The PUC indicated it may initiate a review of any of the mechanisms in the PBR Framework at any time. The PUC will hold a formal review process to comprehensively review the PBR Framework in the fourth year of the multi-year rate plan.
The Utilities are required to file draft tariffs reflecting the order in mid-February 2021 for PUC review, and the final tariffs are expected to be effective June 1, 2021. In February 2021, the PUC will convene a post-D&O working group to finalize PIMs for interconnection approval, LMI energy efficiency, and AMI, as well as finalize initial scorecard and reporting metrics.
The PBR Framework provides for revenue reductions as part of the customer dividend, but also creates opportunities for the Utilities to improve their financial condition by implementing cost containing measures and earning rewards for meeting performance goals.

The foregoing descriptions of the D&O and PBR Framework are qualified in their entirety by reference to the full text of the D&O, which can be found on the PUC website at (Docket No. 2018-0088 for the Performance-Based Regulation proceeding).
Motion for clarification
On January 4, 2021, the Utilities filed a motion for clarification and/or reconsideration of the D&O (Motion for Clarification) with respect to (i) the treatment of the “pre-PBR” management audit savings commitment as part of the customer dividend component of the ARA in the new PBR Framework and (ii) clarification regarding implementation of certain matters regarding certain new PIMs under the PBR framework. With respect to the “pre-PBR” management audit savings commitment, the D&O accelerates the savings commitment and assumes all of the savings will be generated from O&M expense reductions. In contrast, the Utilities’ commitment was rooted in a combination of reduced O&M expenses and reduced future capital expenditures that are aligned with the management audit recommendations and delivery of the savings to customers over time as they are actually achieved. The savings to be flowed through to customers under the D&O is $110.8 million for the multi-year rate period (MYP), compared to the Utilities’ commitment of $35.4 million in savings, which reflects the savings that are expected to be realized by the Utilities over the MYP. In the Motion for Clarification, the Utilities proposed an alternative levelized committed savings over the MYP to address the PUC’s desired “day 1” savings. Management cannot predict if the PUC will reconsider its decision regarding the customer dividend component of the ARA.

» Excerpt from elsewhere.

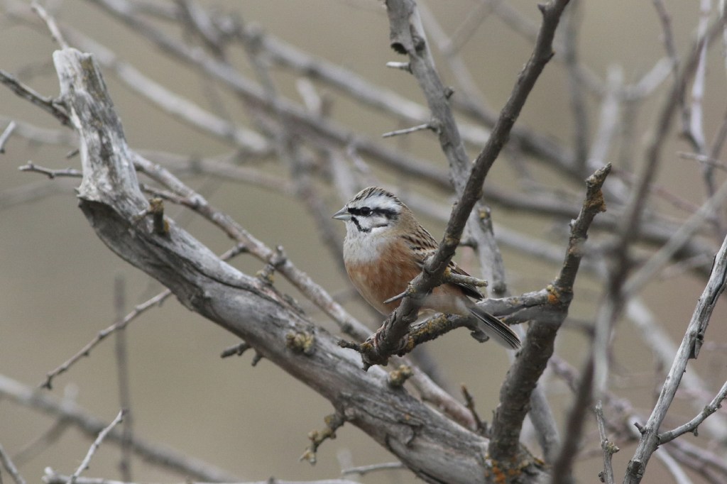 We then tried a steep muddy and partly frozen track in south-eastern direction. We were glad to have a 4WD car, but even with this machine, we were sliding here and there and it was very precarious at times to keep control of the car, which was driving right next to the steep gradient of the mountain ridge. Breaks don’t work on ice when you drive down the hill. Amazing experience! Nevertheless, along the ridge we found an area, which was well covered by bushes. In these we found a mixed flock of thrushes, which was dominated by another 20 Black-throated Thrushes! Several flocks of Chukars, totalling 40 individuals, and 5 Red-fronted Serins were other highlights of this spot (https://ebird.org/checklist/S61515280).

Item 7.01. Regulation FD Disclosure.
As described further in the Motion for Clarification, after preliminary evaluation, the Utilities currently believe that with respect to its “core” components (i.e., the components other than the treatment of the “pre-PBR” management audit savings commitment), the PBR Framework established by the PUC in the D&O appears to (i) represent a reasonable evolution of the existing framework, (ii) provide balanced incentives that will provide cost savings to customers while supporting and encouraging the Utilities to more aggressively achieve clean energy objectives and other energy policy goals and (iii) be generally consistent with the guiding principles established by the PUC in its Phase 1 decision and order: (a) a customer-centric approach, including immediate “day 1” savings when the new regulations take effect; (b) administrative efficiency to reduce regulatory burdens to the Utilities and stakeholders; and (c) Utilities financial integrity to maintain the Utilities’ financial health, including access to low-cost capital. The D&O in large part achieves these principles with respect to the core components of the PBR Framework.
The foregoing descriptions of the Motion for Clarification contained under Items 8.01 and 7.01 of this current report on Form 8-K are qualified in their entirety by reference to the full text of the Motion for Clarification, which can be found on the PUC website at (Docket No. 2018-0088 for the Performance-Based Regulation proceeding).

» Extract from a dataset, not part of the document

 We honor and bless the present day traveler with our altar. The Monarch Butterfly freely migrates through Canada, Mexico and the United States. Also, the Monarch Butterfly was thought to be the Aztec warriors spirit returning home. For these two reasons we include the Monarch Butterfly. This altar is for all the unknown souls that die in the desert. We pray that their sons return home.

The information furnished in connection with Item 7.01 of this current report on Form 8-K shall not be deemed “filed” for purposes of Section 18 of the Securities Exchange Act of 1934, as amended (the Exchange Act), or incorporated by reference in any filing under the Securities Act of 1933, as amended, or the Exchange Act, except as shall be expressly set forth by specific reference in such a filing.

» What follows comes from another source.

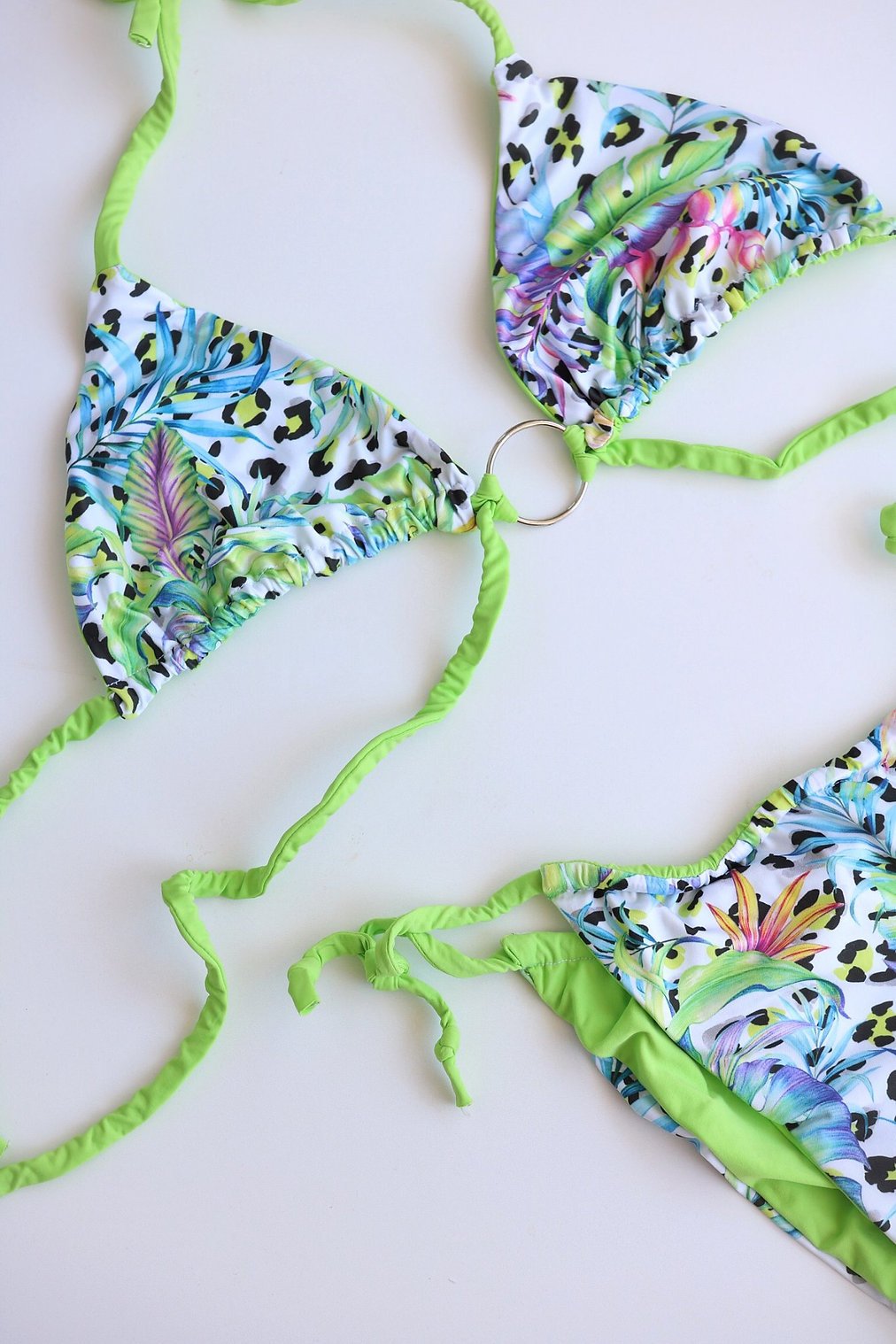 This bikini top is made to your measurements and can be made in a variety of colors. The tropical cheetah print comes with a vibrant green revese side, while the floral print comes with a powder pink on the reverse side. There is a number of solid colors available, and if you would like a combination of two of them on your bikini, please pick your primary color when submitting your order and leave a note of the other color on the revese side that you would like.

HEI and Hawaiian Electric intend to continue to use HEI’s website,, as a means of disclosing additional information. Such disclosures will be included on HEI’s website in the Investor Relations section. Accordingly, investors should routinely monitor such portions of HEI’s website, in

addition to following HEI’s, Hawaiian Electric’s and American Savings Bank, F.S.B.’s (ASB) press releases, HEI’s and Hawaiian Electric’s Securities and Exchange Commission (SEC) filings and HEI’s public conference calls and webcasts. The information on HEI’s website is not incorporated by reference in this document or in HEI’s and Hawaiian Electric’s SEC filings unless, and except to the extent, specifically incorporated by reference. Investors may also wish to refer to the PUC website at (Docket No. 2018-0088 for the Performance-Based Regulation proceeding) in order to review documents filed with and issued by the PUC. No information on the PUC website is incorporated by reference in this document or in HEI’s and Hawaiian Electric’s other SEC filings.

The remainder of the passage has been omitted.